Alterations of Rabbit Aortic Smooth Muscle Cell Proliferation in Diabetes Mellitus

Objective: Diabetes mellitus is a known risk factor for atherosclerosis. Because initiation and/or progression of the atherosclerotic process is associated with alterations in vascular smooth muscle cell growth and differentiation, the present studies were conducted to evaluate the effect of diabetes mellitus on the proliferative behaviour of cultured aortic smooth muscle cells.

Methods: Male New Zealand White rabbits were made diabetic with a single intravenous injection of alloxan monohydrate (100 mg.kg-1) in saline. Primary cultures of smooth muscle cells were established from thoracic aortic segments of control and diabetic rabbits and used to develop multiple cell strains. The proliferative capability of secondary cultures was determined by measurements of [3H]-thymidine incorporation into DNA, cell counts, and protein content in control and diabetic cultures. The serum dependence of cellular growth was evaluated by incubation of cultured cells in growth medium supplemented with various fetal calf serum concentrations.

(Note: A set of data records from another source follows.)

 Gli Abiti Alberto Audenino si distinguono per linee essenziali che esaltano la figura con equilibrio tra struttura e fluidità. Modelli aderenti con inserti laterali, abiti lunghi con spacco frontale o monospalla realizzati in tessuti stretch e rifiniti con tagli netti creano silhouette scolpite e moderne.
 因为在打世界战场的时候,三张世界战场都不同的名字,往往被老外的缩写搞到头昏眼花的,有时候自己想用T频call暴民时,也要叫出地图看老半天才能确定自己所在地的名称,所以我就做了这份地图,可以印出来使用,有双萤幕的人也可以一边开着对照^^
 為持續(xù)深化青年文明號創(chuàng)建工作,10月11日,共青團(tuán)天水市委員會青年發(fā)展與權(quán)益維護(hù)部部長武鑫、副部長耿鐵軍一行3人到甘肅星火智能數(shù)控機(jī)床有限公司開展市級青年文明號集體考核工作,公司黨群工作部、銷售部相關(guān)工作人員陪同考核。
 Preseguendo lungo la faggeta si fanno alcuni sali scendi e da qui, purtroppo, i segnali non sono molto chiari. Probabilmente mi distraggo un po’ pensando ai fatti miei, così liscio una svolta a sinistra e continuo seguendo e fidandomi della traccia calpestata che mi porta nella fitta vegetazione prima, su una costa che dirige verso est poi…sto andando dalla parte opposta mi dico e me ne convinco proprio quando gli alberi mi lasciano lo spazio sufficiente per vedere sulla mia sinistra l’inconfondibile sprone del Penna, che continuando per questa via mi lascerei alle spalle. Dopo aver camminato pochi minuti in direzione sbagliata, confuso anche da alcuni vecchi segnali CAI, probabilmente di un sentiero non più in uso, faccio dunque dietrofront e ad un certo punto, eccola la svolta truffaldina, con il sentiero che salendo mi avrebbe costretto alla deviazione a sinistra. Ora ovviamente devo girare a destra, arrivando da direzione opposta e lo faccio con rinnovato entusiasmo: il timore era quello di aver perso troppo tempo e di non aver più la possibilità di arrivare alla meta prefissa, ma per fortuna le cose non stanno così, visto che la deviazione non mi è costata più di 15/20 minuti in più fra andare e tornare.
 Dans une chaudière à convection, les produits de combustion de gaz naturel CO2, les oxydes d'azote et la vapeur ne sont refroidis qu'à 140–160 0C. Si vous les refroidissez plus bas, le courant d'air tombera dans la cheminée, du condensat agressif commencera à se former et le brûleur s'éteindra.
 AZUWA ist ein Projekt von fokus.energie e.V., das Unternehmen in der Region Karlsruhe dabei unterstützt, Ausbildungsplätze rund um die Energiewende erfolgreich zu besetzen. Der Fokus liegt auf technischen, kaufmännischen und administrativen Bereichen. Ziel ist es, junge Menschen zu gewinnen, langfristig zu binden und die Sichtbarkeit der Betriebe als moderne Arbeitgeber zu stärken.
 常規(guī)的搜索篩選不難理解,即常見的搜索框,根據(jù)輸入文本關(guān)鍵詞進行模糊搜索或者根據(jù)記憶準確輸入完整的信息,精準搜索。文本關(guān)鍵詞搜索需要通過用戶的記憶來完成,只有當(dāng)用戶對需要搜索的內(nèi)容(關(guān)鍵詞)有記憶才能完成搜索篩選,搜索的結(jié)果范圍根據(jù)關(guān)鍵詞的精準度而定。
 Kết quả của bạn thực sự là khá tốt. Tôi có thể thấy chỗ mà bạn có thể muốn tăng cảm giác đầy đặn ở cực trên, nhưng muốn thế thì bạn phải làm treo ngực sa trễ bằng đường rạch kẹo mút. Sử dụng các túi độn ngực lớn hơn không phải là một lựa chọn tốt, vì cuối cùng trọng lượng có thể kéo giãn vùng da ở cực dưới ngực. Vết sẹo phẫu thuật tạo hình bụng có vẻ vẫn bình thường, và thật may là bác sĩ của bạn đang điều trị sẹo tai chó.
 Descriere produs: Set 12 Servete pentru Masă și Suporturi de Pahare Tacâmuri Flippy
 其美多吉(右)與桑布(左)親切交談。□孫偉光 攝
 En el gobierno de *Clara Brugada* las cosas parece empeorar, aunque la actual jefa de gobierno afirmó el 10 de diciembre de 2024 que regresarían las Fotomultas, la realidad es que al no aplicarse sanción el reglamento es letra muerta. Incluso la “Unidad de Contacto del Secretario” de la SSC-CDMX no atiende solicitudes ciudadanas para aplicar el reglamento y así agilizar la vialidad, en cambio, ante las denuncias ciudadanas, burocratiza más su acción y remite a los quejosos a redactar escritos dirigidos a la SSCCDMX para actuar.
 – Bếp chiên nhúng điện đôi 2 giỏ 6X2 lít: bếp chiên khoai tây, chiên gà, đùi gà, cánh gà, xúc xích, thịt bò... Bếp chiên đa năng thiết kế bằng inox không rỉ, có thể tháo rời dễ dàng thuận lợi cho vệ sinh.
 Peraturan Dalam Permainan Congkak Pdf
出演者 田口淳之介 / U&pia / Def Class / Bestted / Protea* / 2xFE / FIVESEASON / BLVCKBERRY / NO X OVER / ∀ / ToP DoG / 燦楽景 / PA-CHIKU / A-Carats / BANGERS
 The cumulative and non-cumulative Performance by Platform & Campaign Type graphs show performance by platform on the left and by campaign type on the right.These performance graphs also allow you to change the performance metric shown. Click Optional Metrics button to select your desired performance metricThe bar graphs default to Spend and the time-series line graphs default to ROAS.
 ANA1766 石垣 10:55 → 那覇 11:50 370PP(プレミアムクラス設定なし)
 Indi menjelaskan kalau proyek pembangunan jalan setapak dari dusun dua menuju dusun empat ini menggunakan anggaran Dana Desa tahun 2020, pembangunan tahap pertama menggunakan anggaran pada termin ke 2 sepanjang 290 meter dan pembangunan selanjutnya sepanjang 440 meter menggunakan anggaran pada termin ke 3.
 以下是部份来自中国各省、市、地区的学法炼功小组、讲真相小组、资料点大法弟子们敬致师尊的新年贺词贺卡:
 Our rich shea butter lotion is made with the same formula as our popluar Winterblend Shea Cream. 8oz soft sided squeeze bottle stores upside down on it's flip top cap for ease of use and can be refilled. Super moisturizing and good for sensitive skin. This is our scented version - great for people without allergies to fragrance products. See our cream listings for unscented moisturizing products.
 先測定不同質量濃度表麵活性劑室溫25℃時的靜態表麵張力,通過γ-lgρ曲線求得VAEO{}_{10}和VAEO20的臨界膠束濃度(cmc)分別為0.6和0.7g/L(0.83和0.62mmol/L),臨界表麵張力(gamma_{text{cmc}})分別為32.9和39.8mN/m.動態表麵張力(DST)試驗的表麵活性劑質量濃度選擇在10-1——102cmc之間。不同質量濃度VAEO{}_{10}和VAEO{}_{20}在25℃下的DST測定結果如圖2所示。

Results: Cultures of diabetic origin incorporated thymidine to a greater extent than control cultures. Although the efficiency of cell attachment was not different between control and diabetic cells, diabetic cells had a shorter population doubling time than control cells [41.08(SEM 4.15) h v 58.08(6.79) h] and achieved higher final densities than control cultures. The serum dependence of smooth muscle cell cultures for viability and growth was different between the two groups.

Conclusions: These findings support the hypothesis that diabetes induces changes in vascular smooth muscle cell proliferation which may be associated with the onset or progression of the atherogenic process observed in diabetes.